Objective
Indeterminate thyroid nodules (ITN) are common and often lead to (sometimes unnecessary) diagnostic surgery. We aimed to evaluate the performance of two machine learning methods (ML), based on routinely available features to predict the risk of malignancy (RM) of ITN.
Design
Multicentric diagnostic retrospective cohort study conducted between 2010 and 2020.
Methods
Adult patients who underwent surgery for at least one Bethesda III-V thyroid nodule (TN) with fully available medical records were included. Of the 7,917 records reviewed, eligibility criteria were met in 1,288 patients with 1,335 TN. Patients were divided in a training (940 TN) and validation cohort (395 TN). The diagnostic performance of a multivariate logistic regression model (LR) and its nomogram, and a random forest model (RF) in predicting the nature and RM of a TN were evaluated. All available clinical, biological, ultrasound, and cytological data of the patients were collected and used to construct the two algorithms.
Results
There were 253 (19%), 693 (52%) and 389 (29%) TN classified as Bethesda III, IV and V respectively, with an overall RM of 35%. Both cohorts were well balanced for baseline characteristics.
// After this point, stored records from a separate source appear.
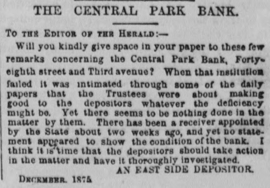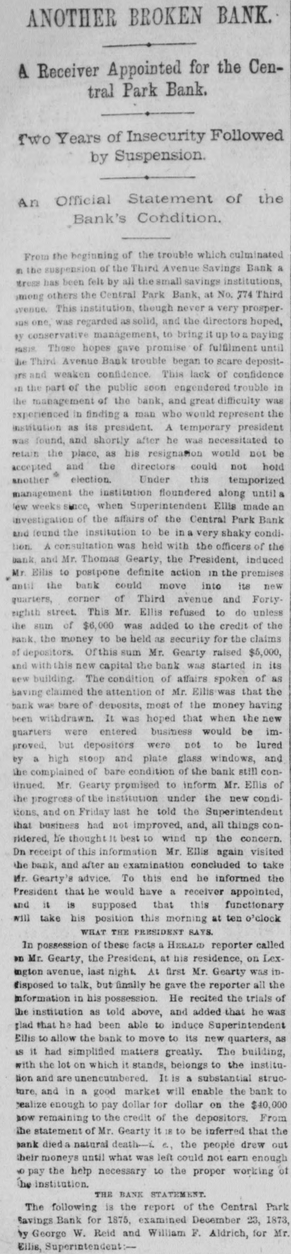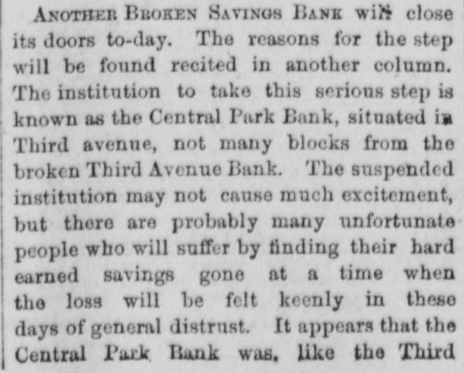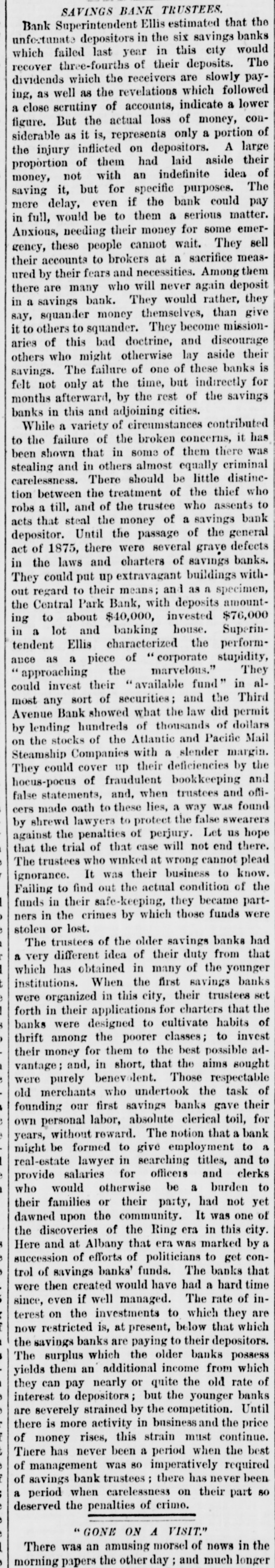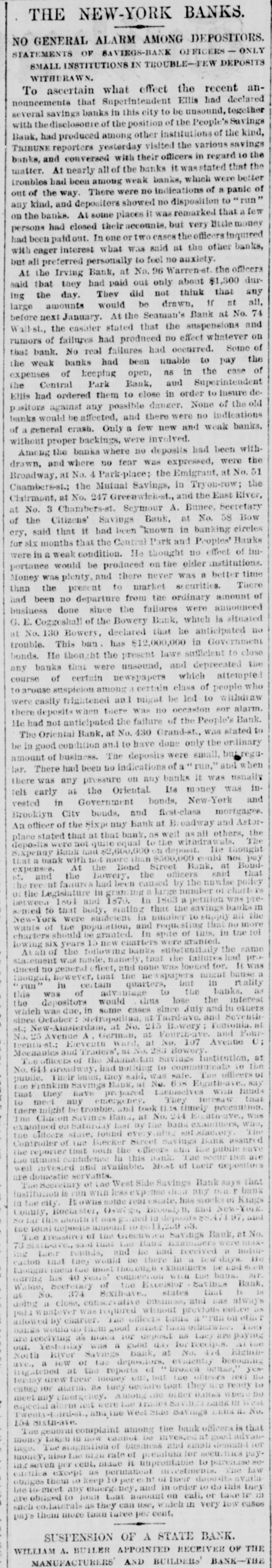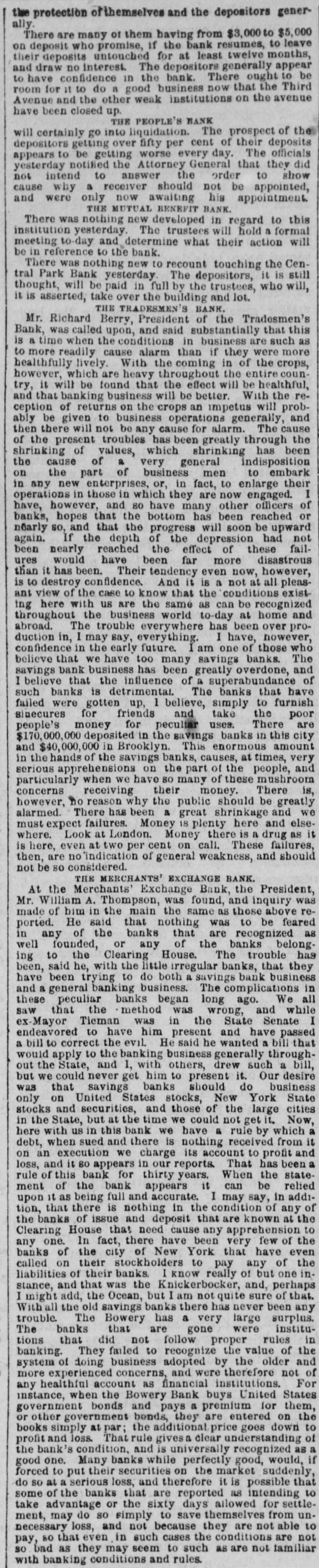 the protection of themselves and the depositors generally. are many of them having from $3,000 to to $5,000 leave There who promise, if the bank resumes, twelve months, on deposit deposits untouched for at least generally appear their no interest. The depositors ought to be and draw confidence in the bank. There that the Third to have do a good business now the avenue room Avenue for and it to the other weak institutions on have been closed up. THE PEOPLE'S BANK certainly go into liquidation. The of prospect their deposits of the will depositors getting over fifty worse per every cent day. The officials appears to notified be getting the Attorney General that to they show did to answer the a receiver should not be not yesterday intend why order appointment appointed, cause and were only now awaiting his THE MUTUAL BENEFIT BANK. There was nothing new developed in regard hold to formal this yesterday. The trustees will a will institution meeting to-day and determine what their action be in reference was nothing to the new bank. to recount touching it the is Cen- still There Park Bank yesterday The depositors, who will, tral thought, will be paid in full by the trustees, lot. it is asserted, take over TRADESMEN'S the building BANK. and THE Berry, President of the Tradesmen's that Mr. Richard called upon, and said substantially such this as Bank, was when the conditions in business are were more is a time cause alarm than if they the crops, to more readily lively. With the coming in of entire counhealthfully which are heavy throughout will the be healthful, however, will be found that the effect With the retry, it business will be better. will proband that of banking returns on the crops an impetus generally, and ception be given to business operations for alarm. The cause ably then there will not troubles be any has cause been greatly through has been the of the present of values, which shrinking indisposition shrinking of a very general to embark the cause of business men their on the new part enterprises, or, in fact, now to enlarge engaged. I operations in any in those in which have they many are other officers of banks, have, however, hopes that and the so bottom has will been soon reached be upward or nearly so, and that depth the of progress the depression had fail- not again. reached the effect of nearly have been far more been. Their tendency even now, at all been ures would If the these disastrous however, pleasthan it has confidence. And it is a conditions not exist is to destroy of the case to know that the can be recognized ant view are the same as home and ing here with us business world to-day at prothroughout abroad. The the trouble everywhere has I have, been over however, duction in, I may early say, everything. future. am one of banks. those who The I confidence believe that in we the have too has many been greatly savings overdone, and of savings believe bank that business the influence of The a superabundance banks that have such banks were gotten is detrimental. up, I believe, and take simply the to furnish poor sinecures failed for friends for pecultar uses. banks There in this city are people's 70,000,000 money deposited in the savings This enormous amount and $40,000,00 the in Brooklyn. savings banks, causes, at people, times, very and serious in the hands apprehensions of on so the many part of of these the mushroom is, receiving should particularly when we have their money. There be greatly concerns no reason why the public great shrinkage and else- we alarmed. however, There failures. has been Money a IS plenty there here is a drug and as it must expect Look at London. Money on call. These failures, then, are is where. here, even no indication two per of cent general weakness, and should not be so considered. MERCHANTS' EXCHANGE BANK. the Merchants' THE Exchange found, Bank, and the inquiry President, was Mr. At William A. Thompson, the main the was same as those be above feared remade of him in said that nothing was recognized to as ported. He the banks that are banks belongin any founded, of or any of the The trouble has well to the Clearing little House. irregular banks, that business they been, ing said he, with the to do both a savings complications bank in have been trying banking business. The ago. We all a general banks began long and these method was State Senate I and that peculiar the was in the wrong, have passed while that saw ex-Mayor Tieman him present and a bill endeavored to the have evil. He said he generally wanted througha bill to correct the banking business drew such a bill, out the State, get him to present do business but we could never banks should York would apply to and 1, with others, it. Our desire State that States stocks, the large only was on United savings and those of New get cities Now, a stocks and securities, at the time we could not rule by which in the State, in but this bank we have a received from it when sued and its account to has been here debt, with us we there charge is nothing That profit and on loss, an and execution it 80 appears for in thirty our reports years. When can be the state- relied rule of this the bank bank appears it I may say, in addi- of ment upon it of as being full nothing and accurate. in the condition known of any at the tion, that there is and deposit that are the banks of issue that need cause any few of In fact, there have York been that have Clearing House apprehension very even the the to banks of the stockholders to pay of but one any called one. on their city banks. of New I know really and, any perhaps of inliabilities of their the Knickerbocker, sure of that. stance, and that was Ocean, but I am not quite never been any I might add, old the savings banks there has large surplus. the The Bowery has a gone were trouble. banks that are follow proper value of With all The not very the rules institu- the in tions that did failed to recognize the older and banking. They business adopted were by 
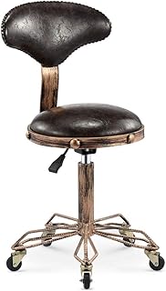 Calyvina Vintage Industrial Style Salon Hocker Höhenverstellbar Rollen-Dreh-Bürostuhl Massage Spa Hocker Stuhl mit Rückenlehne,Darkbrown,B
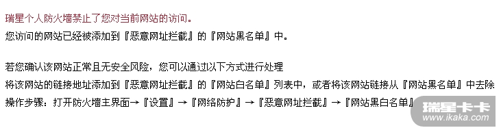 楼主您好,您按照楼上的提示完成添加进黑名单之后,如果再次打开该网页,会出现瑞星的如下提示信息:

Both models were validated on the validation cohort, with performances in terms of specificity, sensitivity, positive predictive value, negative predictive value and area under the receiver operating characteristic curve of 90%, 57.3%, 73.4%, 81.4%, 84% (CI95%: 78.5–89.5%) for the LR model, and 87.6%, 54.7%, 68.1%, 80%, 82.6% (CI95%: 77.4–87.9%) for the RF model, respectively.
Conclusions
Our ML models performed well in predicting the nature of Bethesda III-V TN. In addition, our freely available online nomogram helped to refine the RM, identifying low-risk TN that may benefit from surveillance in up to a third of ITN, and thus may reduce the number of unnecessary surgeries.